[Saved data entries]
--
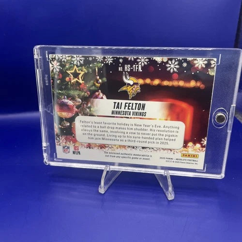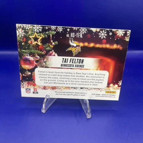 The Tai Felton Rookie Patch is a football trading card featuring a patch design, specifically highlighting the rookie status of the player. As a unique aspect in the world of sports trading cards, patches are sought after by collectors for their aesthetic appeal and potential rarity. This card would appeal to fans of football looking to add a special rookie patch card to their collection, adding a piece of memorabilia from a promising new player to their sports trading card assortment.
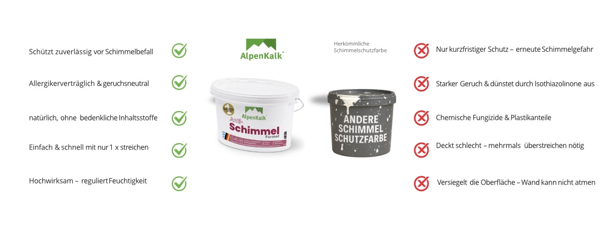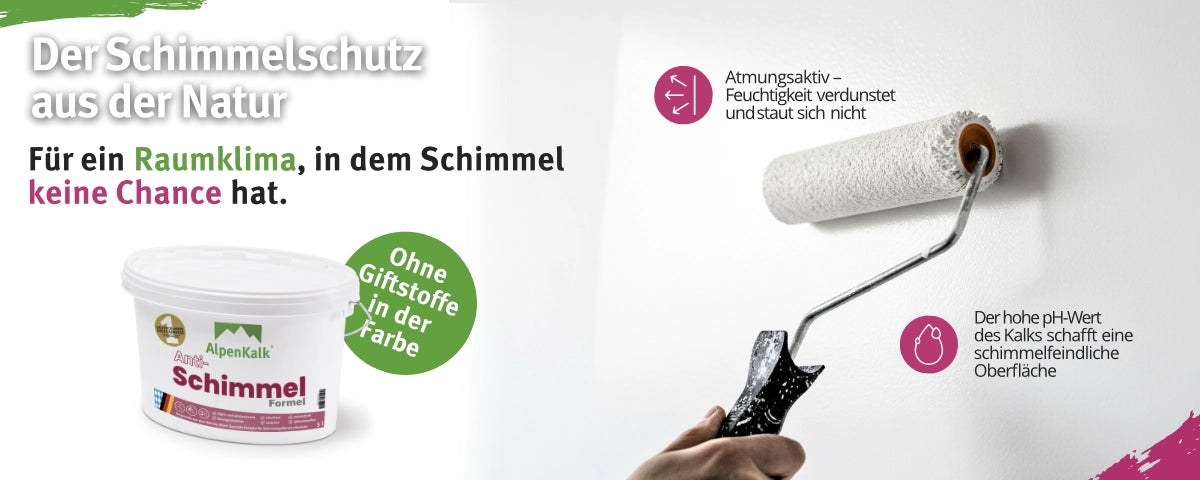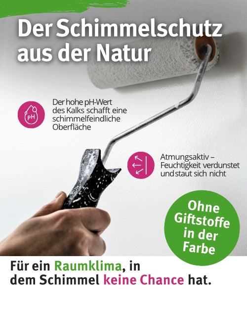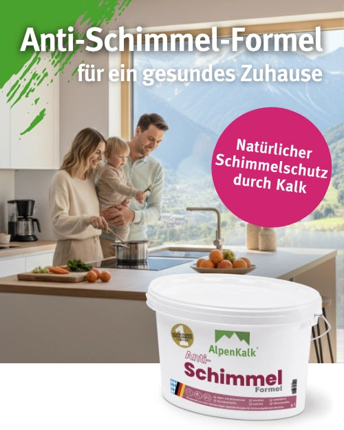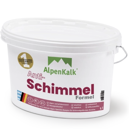Anti-Schimmel-Farbe von AlpenKalk für gesundes Wohnen. Dieser Anti-Schimmel-Farbe aus Kalk ist ohne Konservierungsstoffe, frei von synthetische Bindemittel, lösungsmittel- und weichmacherfrei. Frei von lästigen Gerüchen usw.
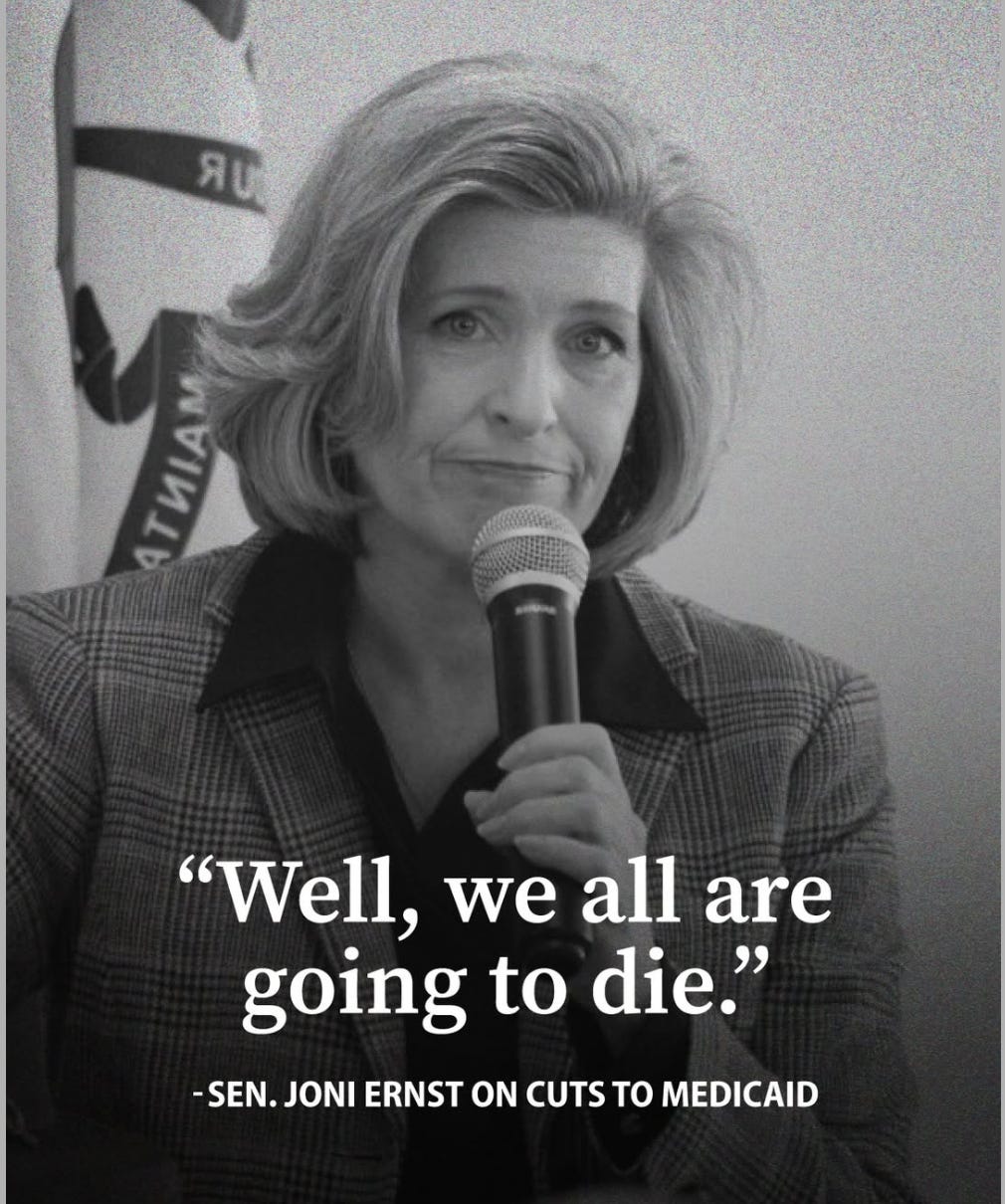 When confronted by a constituent claiming that “people are going to die” from the massive Medicaid cuts in Trump’s just-passed Big Bad Bill, Iowa Senator Joni Ernst flippantly responded that “we are all going to die.”
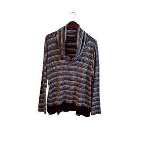 WHBM Long Sleeve Black White Striped Cowl Neck Lace Hem Knit Top Size M
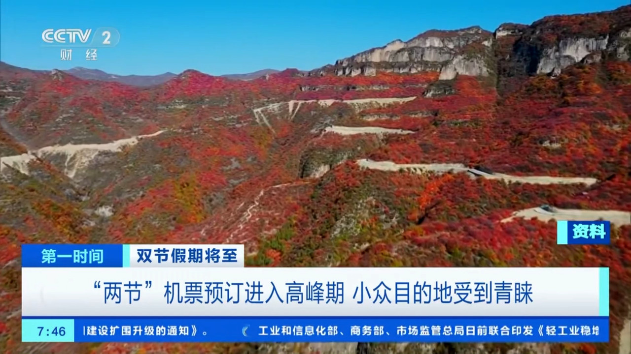 记者发现,假期期间众多游客热衷前往以秋色闻名的目的地,“赏秋”“红叶”“海边”“草原”“晒秋”等关键词的搜索量环比8月上涨两倍。像陕西榆林凭借丹霞地貌带火“陕北游”,机票预订量增幅近一倍。黑龙江鸡西以原始景观获得游客青睐,机票预订量增长79%。
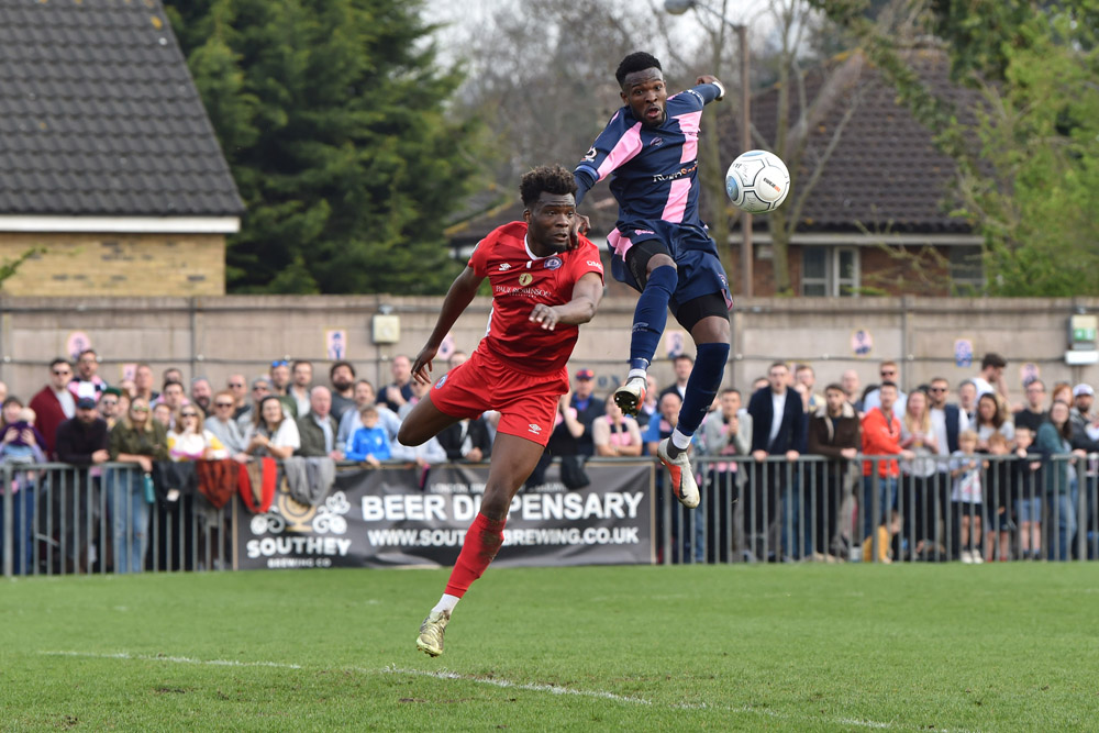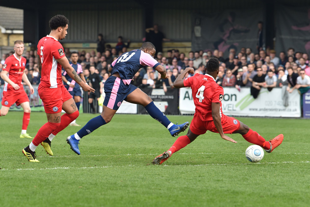 The hosts were struggling to create anything of note in response to Billericay taking the lead, and they were soon further behind after some poor defending. A long clearance was allowed to bounce, and substitute Cook tried to nod back to Preston Edwards from the edge of the box – unfortunately Emmanuel was lurking to ruthlessly volley past the Hamlet keeper from eight yards.
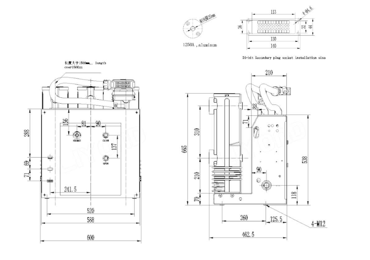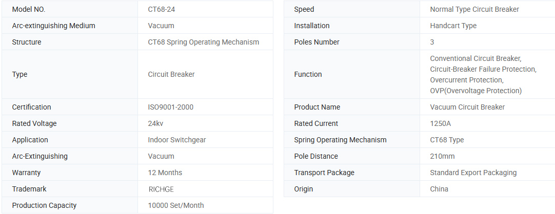 Modelo CT68 -24 Circuito de vacío interior Uso con mecanismo de operación de resorte CT68. Es un equipo de ditribución de potencia interior de CA trifásica, 50 Hz con el voltaje de 24kV.
--
▶ _Requirement_: From the first line to the last, repeat the records exactly, leaving out the pictures.

▶ _Task result_:
 The Tai Felton Rookie Patch is a football trading card featuring a patch design, specifically highlighting the rookie status of the player. As a unique aspect in the world of sports trading cards, patches are sought after by collectors for their aesthetic appeal and potential rarity. This card would appeal to fans of football looking to add a special rookie patch card to their collection, adding a piece of memorabilia from a promising new player to their sports trading card assortment.
Anti-Schimmel-Farbe von AlpenKalk für gesundes Wohnen. Dieser Anti-Schimmel-Farbe aus Kalk ist ohne Konservierungsstoffe, frei von synthetische Bindemittel, lösungsmittel- und weichmacherfrei. Frei von lästigen Gerüchen usw.
 When confronted by a constituent claiming that “people are going to die” from the massive Medicaid cuts in Trump’s just-passed Big Bad Bill, Iowa Senator Joni Ernst flippantly responded that “we are all going to die.”
 WHBM Long Sleeve Black White Striped Cowl Neck Lace Hem Knit Top Size M
 记者发现,假期期间众多游客热衷前往以秋色闻名的目的地,“赏秋”“红叶”“海边”“草原”“晒秋”等关键词的搜索量环比8月上涨两倍。像陕西榆林凭借丹霞地貌带火“陕北游”,机票预订量增幅近一倍。黑龙江鸡西以原始景观获得游客青睐,机票预订量增长79%。
 The hosts were struggling to create anything of note in response to Billericay taking the lead, and they were soon further behind after some poor defending. A long clearance was allowed to bounce, and substitute Cook tried to nod back to Preston Edwards from the edge of the box – unfortunately Emmanuel was lurking to ruthlessly volley past the Hamlet keeper from eight yards.
 Modelo CT68 -24 Circuito de vacío interior Uso con mecanismo de operación de resorte CT68. Es un equipo de ditribución de potencia interior de CA trifásica, 50 Hz con el voltaje de 24kV.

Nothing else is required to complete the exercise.